##### DATA SECTION #####
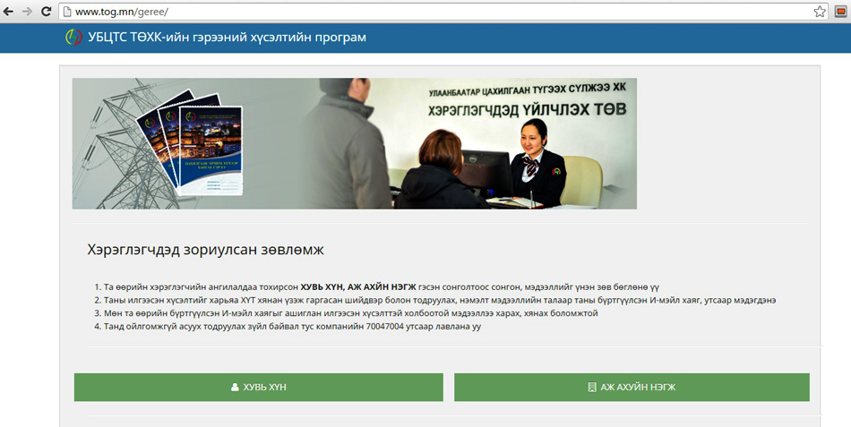 Өмнө нь иргэд гэрээ байгуулахын тулд шаардлагатай мэдээлэл авах, материалаа зөв бүрдүүлсэн эсэхээ асууж лавлахаар Хэрэглэгчдэд үйлчлэх төв рүү хоёроос доошгүй удаа очдог байсан. Хамгийн олон хэрэглэгчтэй Баянзүрх хэрэглэгчдэд үйлчлэх төв гэхэд л өдөрт 50 орчим иргэн, аж ахуйн нэгжтэй цахилгаанаар хангах гэрээ байгуулдаг бөгөөд нэг үйлчлүүлэгчийн материалыг хүлээн авч судлаад гэрээ байгуулахад 30-аас доошгүй минут зарцуулдаг.
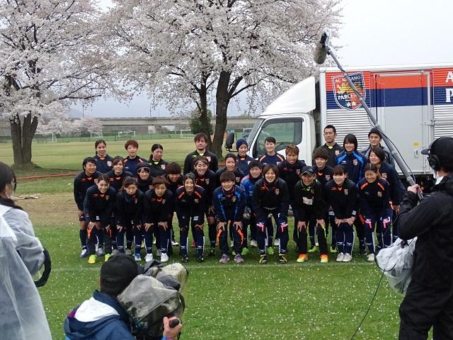 今回、長野のテレビ局「abn長野朝日放送」の番組「信州をカーナビ UぐるっTV」でパルセイロレディースの特集を組んでいただけることになったので、11日の練習前にその撮影が行われました
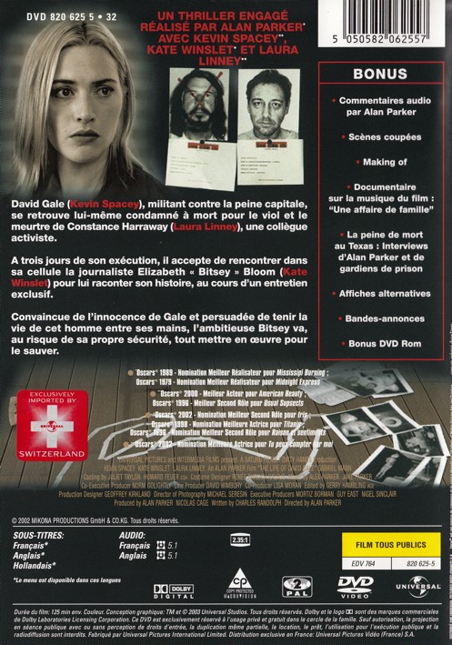David Gale, militant contre la peine capitale, se retrouve lui-même condamné à mort pour le viol et le meurtre de Constance Harraway, une collègue activiste. A trois jours de son exécution, il accepte de rencontrer une journaliste, pour lui raconter son histoire. Convaincue de l'innocence de Gale, la file va, au risque de sa propre sécurité, tout mettre en oeuvre pour le sauver...
#####
Any images must be left out; transcribe the rest of the material exactly.

 Өмнө нь иргэд гэрээ байгуулахын тулд шаардлагатай мэдээлэл авах, материалаа зөв бүрдүүлсэн эсэхээ асууж лавлахаар Хэрэглэгчдэд үйлчлэх төв рүү хоёроос доошгүй удаа очдог байсан. Хамгийн олон хэрэглэгчтэй Баянзүрх хэрэглэгчдэд үйлчлэх төв гэхэд л өдөрт 50 орчим иргэн, аж ахуйн нэгжтэй цахилгаанаар хангах гэрээ байгуулдаг бөгөөд нэг үйлчлүүлэгчийн материалыг хүлээн авч судлаад гэрээ байгуулахад 30-аас доошгүй минут зарцуулдаг.
 今回、長野のテレビ局「abn長野朝日放送」の番組「信州をカーナビ UぐるっTV」でパルセイロレディースの特集を組んでいただけることになったので、11日の練習前にその撮影が行われました
David Gale, militant contre la peine capitale, se retrouve lui-même condamné à mort pour le viol et le meurtre de Constance Harraway, une collègue activiste. A trois jours de son exécution, il accepte de rencontrer une journaliste, pour lui raconter son histoire. Convaincue de l'innocence de Gale, la file va, au risque de sa propre sécurité, tout mettre en oeuvre pour le sauver...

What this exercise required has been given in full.